### Data shown

========================

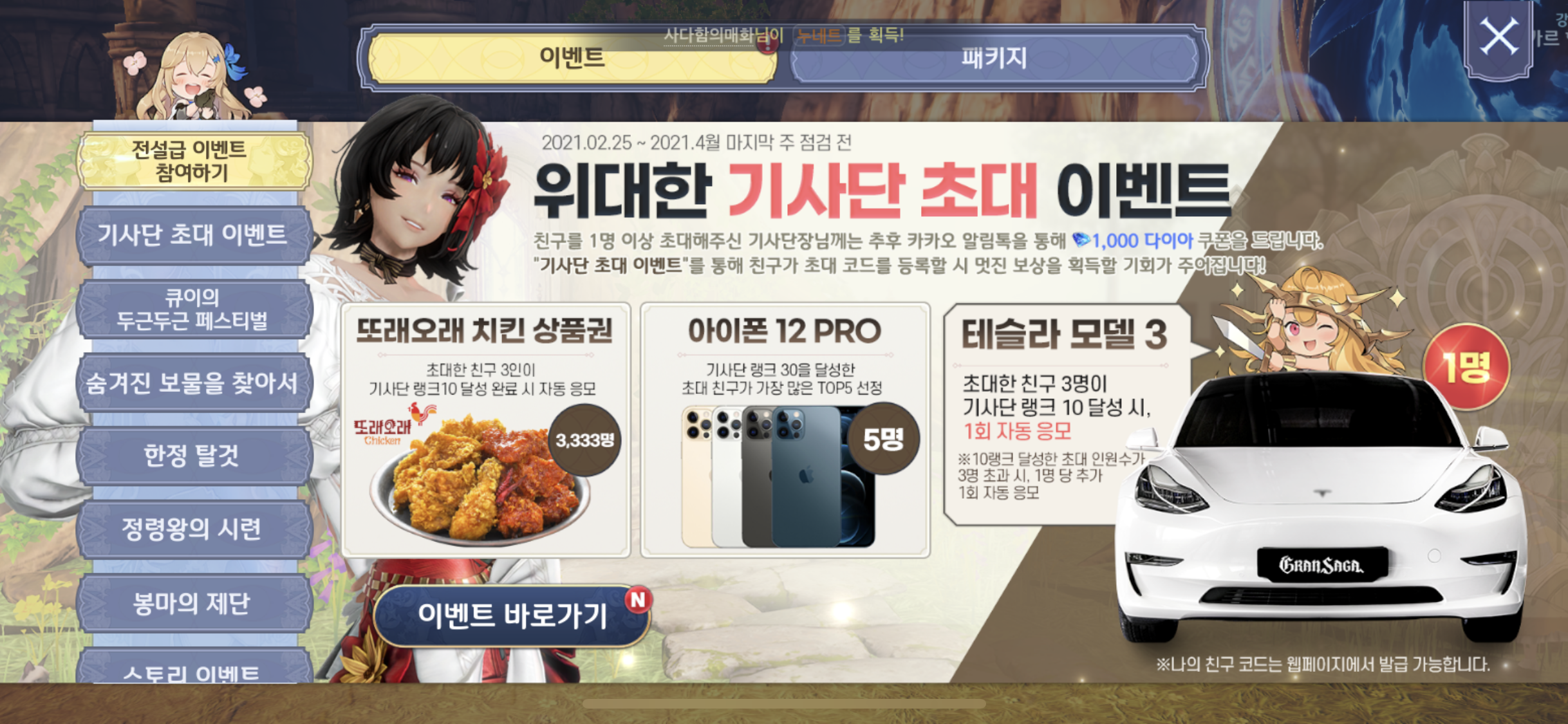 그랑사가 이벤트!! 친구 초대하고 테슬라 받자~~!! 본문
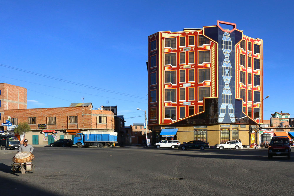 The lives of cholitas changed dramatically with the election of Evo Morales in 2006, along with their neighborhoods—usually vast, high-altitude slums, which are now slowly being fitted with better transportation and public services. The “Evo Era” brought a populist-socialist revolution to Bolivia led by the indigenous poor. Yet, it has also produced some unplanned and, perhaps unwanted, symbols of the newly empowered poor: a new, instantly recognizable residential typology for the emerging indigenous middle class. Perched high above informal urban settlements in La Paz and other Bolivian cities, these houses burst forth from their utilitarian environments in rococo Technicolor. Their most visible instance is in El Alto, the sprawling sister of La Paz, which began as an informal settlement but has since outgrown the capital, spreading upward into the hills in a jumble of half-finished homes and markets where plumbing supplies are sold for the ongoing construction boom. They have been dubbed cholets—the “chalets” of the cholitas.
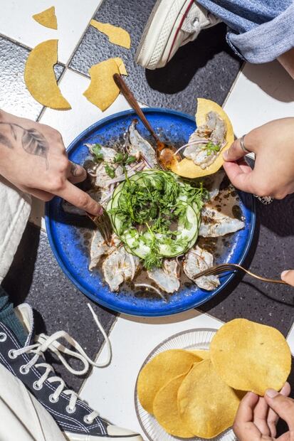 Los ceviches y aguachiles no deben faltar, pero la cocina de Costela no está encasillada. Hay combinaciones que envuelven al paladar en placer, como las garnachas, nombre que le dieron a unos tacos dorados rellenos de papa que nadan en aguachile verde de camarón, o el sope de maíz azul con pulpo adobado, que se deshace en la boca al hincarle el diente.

========================

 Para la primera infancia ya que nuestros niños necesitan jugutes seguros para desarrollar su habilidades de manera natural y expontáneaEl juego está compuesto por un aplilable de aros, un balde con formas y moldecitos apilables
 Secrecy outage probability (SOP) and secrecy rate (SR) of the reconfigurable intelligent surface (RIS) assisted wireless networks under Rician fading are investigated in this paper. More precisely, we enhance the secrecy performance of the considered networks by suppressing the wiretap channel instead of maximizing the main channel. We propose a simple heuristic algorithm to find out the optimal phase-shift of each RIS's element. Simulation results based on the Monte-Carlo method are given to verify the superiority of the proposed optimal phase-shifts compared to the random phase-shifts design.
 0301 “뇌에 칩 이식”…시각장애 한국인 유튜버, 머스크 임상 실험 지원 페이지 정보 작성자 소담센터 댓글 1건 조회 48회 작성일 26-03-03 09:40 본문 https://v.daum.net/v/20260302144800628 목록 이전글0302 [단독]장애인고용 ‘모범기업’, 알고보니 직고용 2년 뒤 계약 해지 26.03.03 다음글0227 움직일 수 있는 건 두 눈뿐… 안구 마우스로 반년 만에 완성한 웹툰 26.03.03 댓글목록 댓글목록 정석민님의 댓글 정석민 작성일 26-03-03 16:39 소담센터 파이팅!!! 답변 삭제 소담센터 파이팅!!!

========================

### Task instructions
Once the line with "Secrecy outage probability" is found in the records above, print exactly that line and every line after it through the line with "삭제 소담센터 파이팅!!!".

### Answer for the task
 Secrecy outage probability (SOP) and secrecy rate (SR) of the reconfigurable intelligent surface (RIS) assisted wireless networks under Rician fading are investigated in this paper. More precisely, we enhance the secrecy performance of the considered networks by suppressing the wiretap channel instead of maximizing the main channel. We propose a simple heuristic algorithm to find out the optimal phase-shift of each RIS's element. Simulation results based on the Monte-Carlo method are given to verify the superiority of the proposed optimal phase-shifts compared to the random phase-shifts design.
 0301 “뇌에 칩 이식”…시각장애 한국인 유튜버, 머스크 임상 실험 지원 페이지 정보 작성자 소담센터 댓글 1건 조회 48회 작성일 26-03-03 09:40 본문 https://v.daum.net/v/20260302144800628 목록 이전글0302 [단독]장애인고용 ‘모범기업’, 알고보니 직고용 2년 뒤 계약 해지 26.03.03 다음글0227 움직일 수 있는 건 두 눈뿐… 안구 마우스로 반년 만에 완성한 웹툰 26.03.03 댓글목록 댓글목록 정석민님의 댓글 정석민 작성일 26-03-03 16:39 소담센터 파이팅!!! 답변 삭제 소담센터 파이팅!!!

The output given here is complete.